After a day of hectic parleys in India’s national capital, the U.S. Secretary of State Hillary Clinton arrived in the city of Chennai on Wednesday to better acquaint herself with southern India, which has become a focus for growing U.S. trade and investment.
Although her one-day visit to Tamil Nadu, the first ever there by a serving U.S. Secretary of State, included meetings with school students, Ms. Clinton probably did not get to discuss a unique feature of Tamil Nadu under the new Chief Minister J. Jayalalithaa: school without textbooks.
This may sound like an innovative departure from the rote learning common in many Indian schools, but actually, it’s the result of the recent regime change in elections that led Ms. Jayalalithaa and her All India Anna Dravida Munnetra Kazhagam to oust the incumbents and form a government in May.
Soon after taking office, Ms. Jayalalithaa’s government scrapped plans to introduce the new “uniform school education system” developed by her predecessor, Dravida Munnetra Kazhagam chief M. Karunanidhi, according to education experts and reports in the Indian news media. The new system, under which a single board would oversee school curriculum and testing, replacing four different examination systems, was supposed to be implemented from the current academic year beginning June 1.
However, Ms. Jayalalithaa decided to delay the new system and stick with the old school curriculum, saying that there were problems with the textbooks. India Today reported that, among other things, she was unhappy that they contained a poem written by the former chief minister’s daughter. Educational experts also told India Real Time that the new chief minister felt that the textbooks, which The Hindu says contain descriptions of Mr. Karunanidhi’s achievements batting for the promotion of Tamil language as well as some writing by him, eulogized her predecessor.
As a result, children in Tamil Nadu started the school year two weeks late, in the middle of June. And when classes finally did begin, it was without school books.
Last month, the state government filed a petition in the Supreme Court challenging a June order by the Madras High Court that would have forced the government to implement the uniform school system and use the textbooks developed for it. The Supreme Court ordered that the new system be implemented for first grade, or kids aged seven, and sixth grade, for kids aged 12, and formed a panel of experts to examine the curriculum for other classes. But this week, the Madras High Court passed an order requiring the state to begin distribution of the textbooks to all classes starting Friday. The Supreme Court committee is expected to submit its report next week.
The state government spokesman could not be reached for immediate comment. An AIADMK party spokesman also could not be reached for comment.
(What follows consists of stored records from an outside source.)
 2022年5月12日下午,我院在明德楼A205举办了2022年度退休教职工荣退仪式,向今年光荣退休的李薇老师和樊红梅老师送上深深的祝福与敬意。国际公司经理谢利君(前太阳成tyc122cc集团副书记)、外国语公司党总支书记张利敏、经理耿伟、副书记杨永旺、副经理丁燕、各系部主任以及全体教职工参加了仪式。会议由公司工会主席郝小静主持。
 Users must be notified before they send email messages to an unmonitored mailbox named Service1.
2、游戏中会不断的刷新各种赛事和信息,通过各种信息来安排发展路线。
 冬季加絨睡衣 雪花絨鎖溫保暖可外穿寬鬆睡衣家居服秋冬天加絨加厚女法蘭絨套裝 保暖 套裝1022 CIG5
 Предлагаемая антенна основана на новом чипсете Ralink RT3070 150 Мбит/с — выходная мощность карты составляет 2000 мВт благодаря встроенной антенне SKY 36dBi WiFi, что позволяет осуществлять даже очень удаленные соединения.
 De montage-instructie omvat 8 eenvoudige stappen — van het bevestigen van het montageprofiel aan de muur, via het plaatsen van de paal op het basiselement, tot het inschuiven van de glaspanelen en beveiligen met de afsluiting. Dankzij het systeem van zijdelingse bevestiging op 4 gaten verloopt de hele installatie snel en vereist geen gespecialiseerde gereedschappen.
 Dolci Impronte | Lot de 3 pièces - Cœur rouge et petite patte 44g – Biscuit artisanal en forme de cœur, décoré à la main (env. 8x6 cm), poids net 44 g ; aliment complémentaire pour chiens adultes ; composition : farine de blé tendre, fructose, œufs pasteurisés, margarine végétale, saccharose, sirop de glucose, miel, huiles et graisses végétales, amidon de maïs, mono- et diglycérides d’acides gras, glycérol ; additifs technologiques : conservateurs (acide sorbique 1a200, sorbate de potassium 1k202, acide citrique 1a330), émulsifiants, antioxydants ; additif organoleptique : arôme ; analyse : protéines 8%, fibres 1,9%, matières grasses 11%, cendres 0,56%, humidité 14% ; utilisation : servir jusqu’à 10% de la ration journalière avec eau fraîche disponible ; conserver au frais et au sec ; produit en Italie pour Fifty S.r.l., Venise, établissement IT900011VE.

Education experts in the state say that as the chief minister attempts to seek the court’s help in undoing Mr. Karunanidhi’s legacy on the school curriculum, it is the students who are bearing the brunt.
Valli Arunachalam, principal of Chennai-based Padma Seshadri Bala Bhavan School said that instead of discontinuing textbooks, the government should allow the books to be used while the school board works on deleting the controversial segments of the syllabus and replacing them with more neutral content.
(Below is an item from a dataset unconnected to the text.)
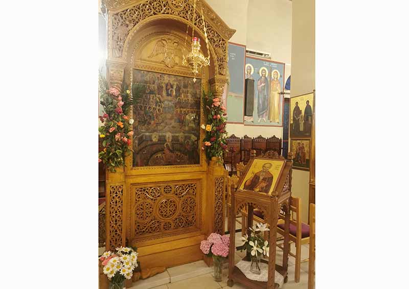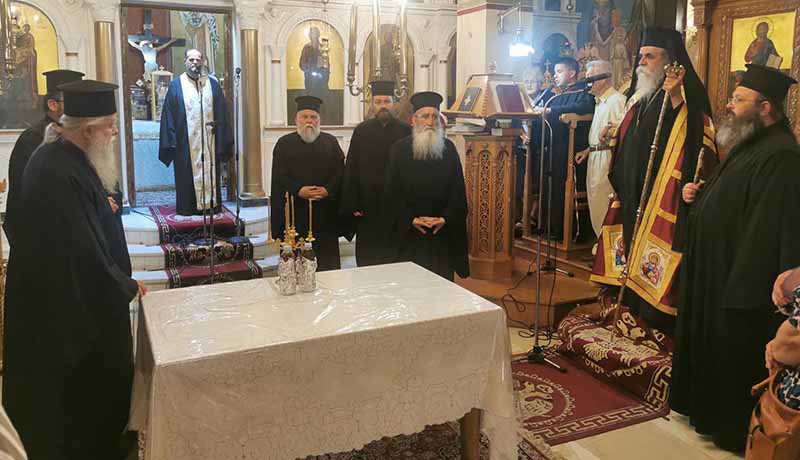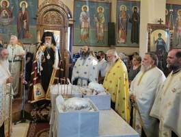 Μετά την ευλόγηση των άρτων ο Θεοφιλέστατος κήρυξε τον Θείον Λόγον, αναφερόμενος στην σημασία της εορτής που είναι μία από τις σπουδαιότερες της Εκκλησίας μας, τονίζοντας μεταξύ άλλων ότι είναι η σφραγίδα της εορταστικής αυτής της Εκκλησιαστικής περιόδου, διότι μας παρουσιάζει τους καρπούς του Αγίου Πνεύματος τους Αγίους Πάντες, τα κοσμήματα αλλά και το καύχημα της Ορθόδοξης Εκκλησίας μας. Την κυρία ημέρα της εορτής Κυριακή 19 Ιουνίου, χοροστάτησε στον Όρθρο και ιερούργησε το μυστήριο της Θείας Ευχαριστίας, ο Σεβασμιώτατος Μητροπολίτης μας κ.κ. Γερμανός, ο οποίος κήρυξε και τον Θείον Λόγον, πλαισιούμενος από τους ευλαβείς Ιερείς π. Ηλία Παπαγγελή π. Κωνσταντίνο Παπαδημητρίου και π. Ρωμανό Καββαθά. Τα Ιερά ψαλσίματα απέδωσαν υπέροχα οι καλλικέλαδοι Ιεροψάλτες του Ναού Μαρίνος Ηλιόπουλος και Μιχαήλ Ηλιόπουλος.

“The state government has said schools will engage children in activity-based learning without textbooks till the court sorts out the issue,” she said. “It is a waste of time.”
S. Swaminathan, principal of the Ramakrishna Mission Vivekananda College in Chennai, said the government should not use the education system to “settle political scores.”
He said around 100 million textbooks worth two billion rupees ($44 million) hve been printed for the uniform school system, most of which are presently in storage.